Separately, you can get some a priori support for “human brain is undertrained relative to our optimal compute law” if you think that, for evolution, scaling up data by 2x is a higher cost than scaling up brain size by 2x. (For neural networks these are both equally costly, if you look only at training compute.) This seems pretty plausible—having twice as long a childhood can make it way more likely that you die before you ever reproduce, while having twice the brain size imposes higher metabolic costs, and plausibly the former is a lot more costly on the margin.
I think this is supposed to say “undertrained”, right?
Undertraining per parameter is equivalent to overtraining per datum (for fixed compute). So Rohin’s usage makes sense in context, but also I agree with you that the word is confusing :P
This still seems confusing to me. Rohin says that the model is overtrained (not something like “prior approaches overtrained on limited data”), so it seems like he’s talking about the parameters and not the data.
Thanks for producing these summaries of such interesting works!
About Chinchilla, you said:
I think this is supposed to say “undertrained”, right?

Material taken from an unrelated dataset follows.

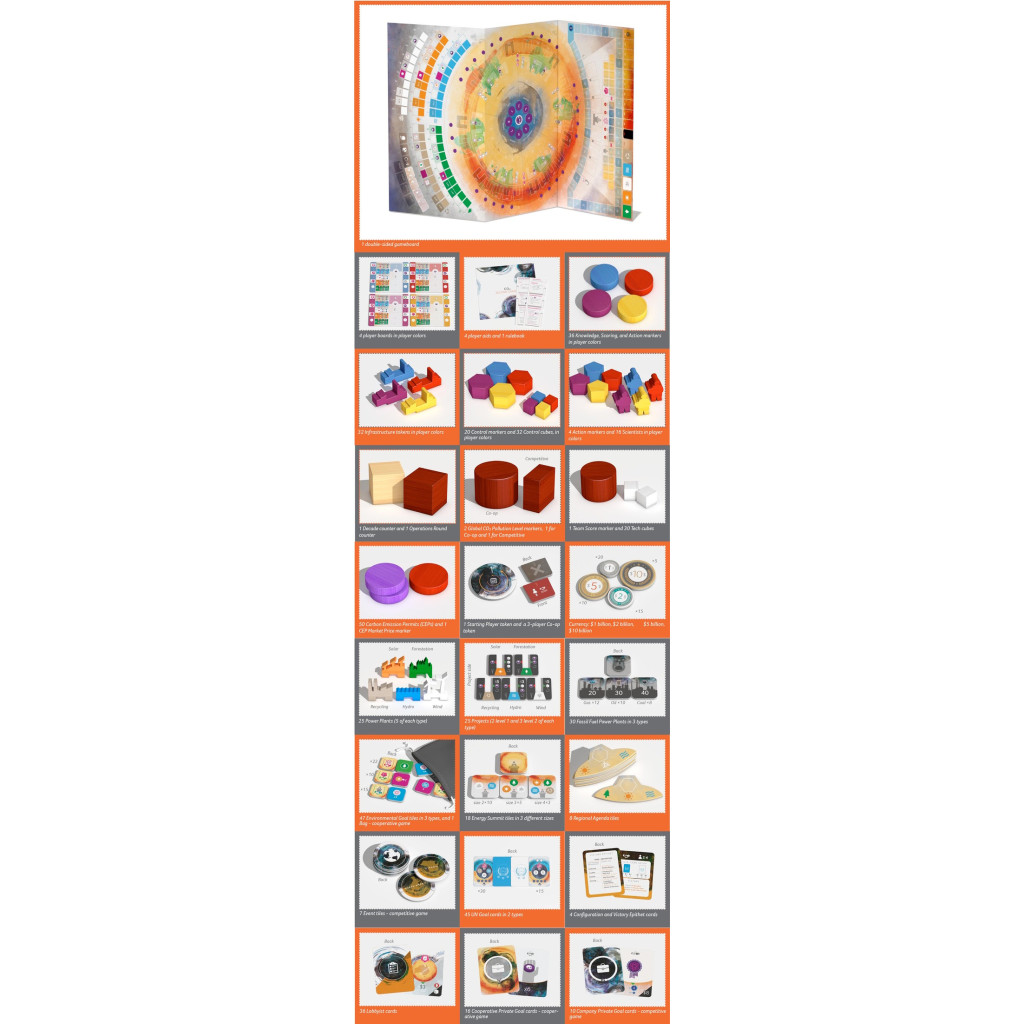 This new and totally re-designed edition of CO2 will bring completely new iconography, an entirely new rulebook (with lots of 3D pictures for easier comprehension of the rules), more balanced gameplay, a new events deck, improved and streamlined mechanisms, a shorter length of play and upgraded wood components for the power plants (instead of cardboard tokens), while maintaining beautiful illustrations on the board and cover.

Also, I’ve personally shortened my AI timelines in light of the Chinchilla paper because their results strongly imply that human brains are also undertrained (on text, at least). I’d already suspected as much from previous scaling laws, but the Chinchilla paper confirmed it for me. Thus, I think an AI with substantially lower parameter counts than the brain will be able to match human performance if it’s trained in a compute-optimal manner.
Conversely, it suggests we may be able to increase human intelligence by “training” on substantially more text data. I’ve speculated on some ways to do that.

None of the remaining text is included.